[Information supplied — start]

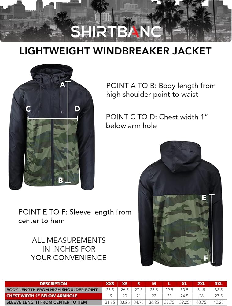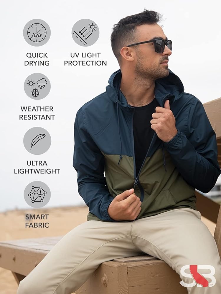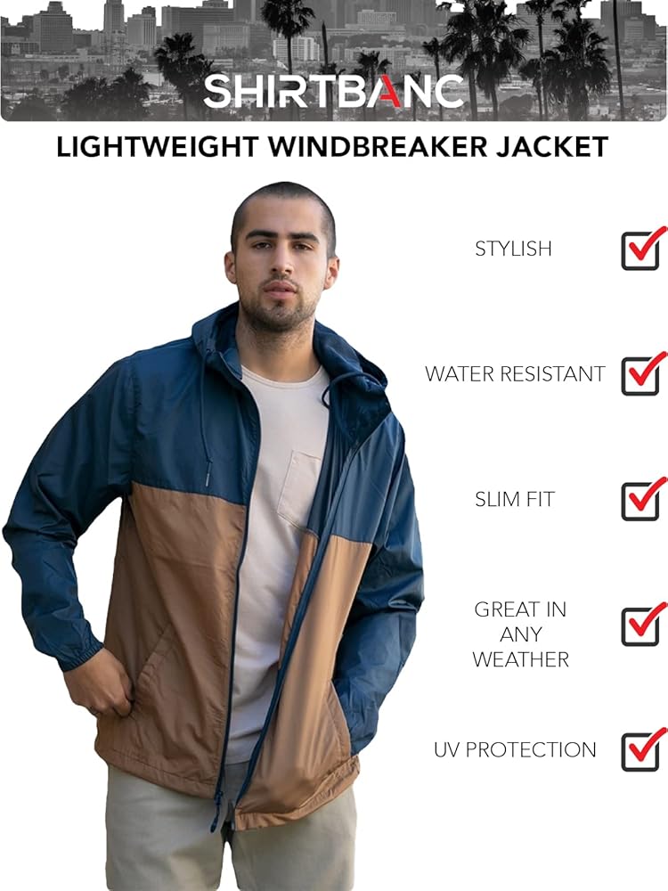 Lightweight Mens Windbreaker Jacket - Running Jacket - Workout Jacket - Water Resistant Jacket - Casual Jacket - Soft to the Touch - Versatille - Great for Layering - Easily Packs and Is Great for all Weater Conditions
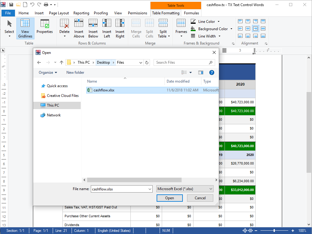 Using the shipped open and save dialog boxes, files can be opened in the XSLX file format and saved in any format supported by TX Text Control .NET for Windows Forms. As TX Text Control is primarily designed for document processing, it supports saving documents in page-oriented formats.
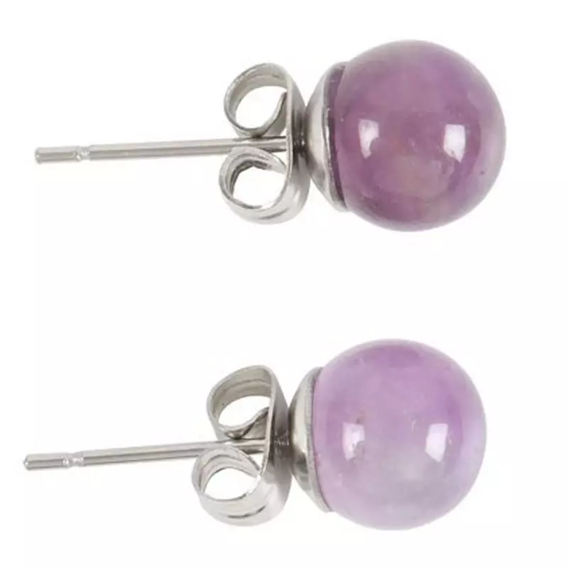 Ametistikivestä hiottu pyöreä korvakoru. Korun kiinnitysosat hopeaa. Kiven halkaisija on n. 8mm.
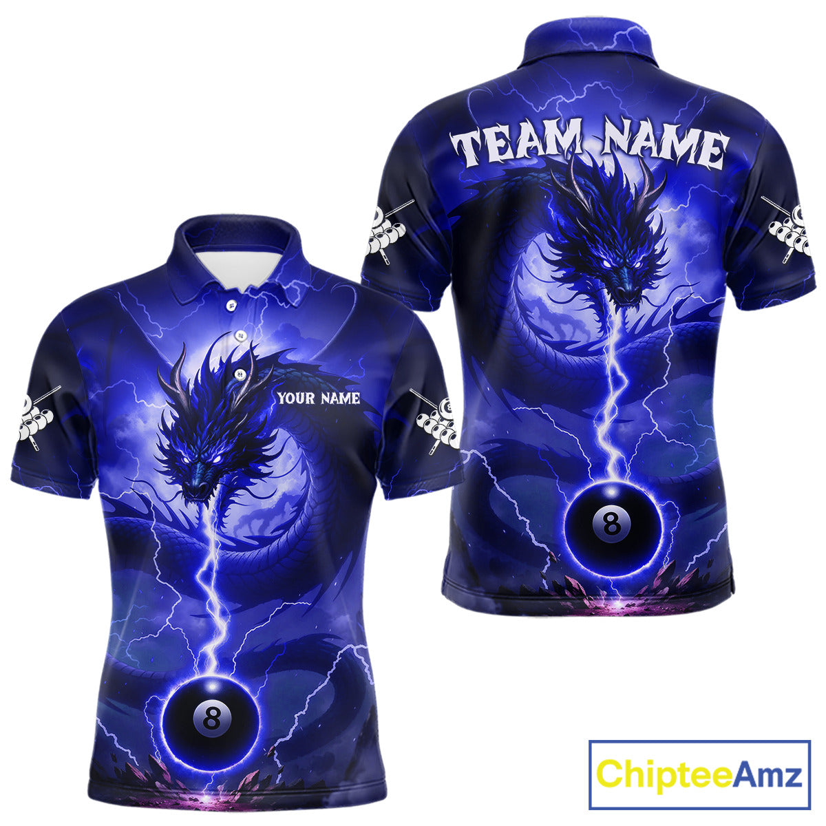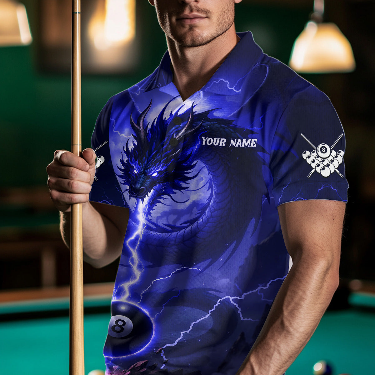 Blue 8 Ball Lightning Dragon Billiard Jersey For Men Custom Pool Team Shirt Polo & 1/4 Zip TDM5115

[Information supplied — finish]

> [Problem to work on]:
Return the whole listing, word for word, and leave out every picture.

> [Solution to this problem]:
 Lightweight Mens Windbreaker Jacket - Running Jacket - Workout Jacket - Water Resistant Jacket - Casual Jacket - Soft to the Touch - Versatille - Great for Layering - Easily Packs and Is Great for all Weater Conditions
 Using the shipped open and save dialog boxes, files can be opened in the XSLX file format and saved in any format supported by TX Text Control .NET for Windows Forms. As TX Text Control is primarily designed for document processing, it supports saving documents in page-oriented formats.
 Ametistikivestä hiottu pyöreä korvakoru. Korun kiinnitysosat hopeaa. Kiven halkaisija on n. 8mm.
 Blue 8 Ball Lightning Dragon Billiard Jersey For Men Custom Pool Team Shirt Polo & 1/4 Zip TDM5115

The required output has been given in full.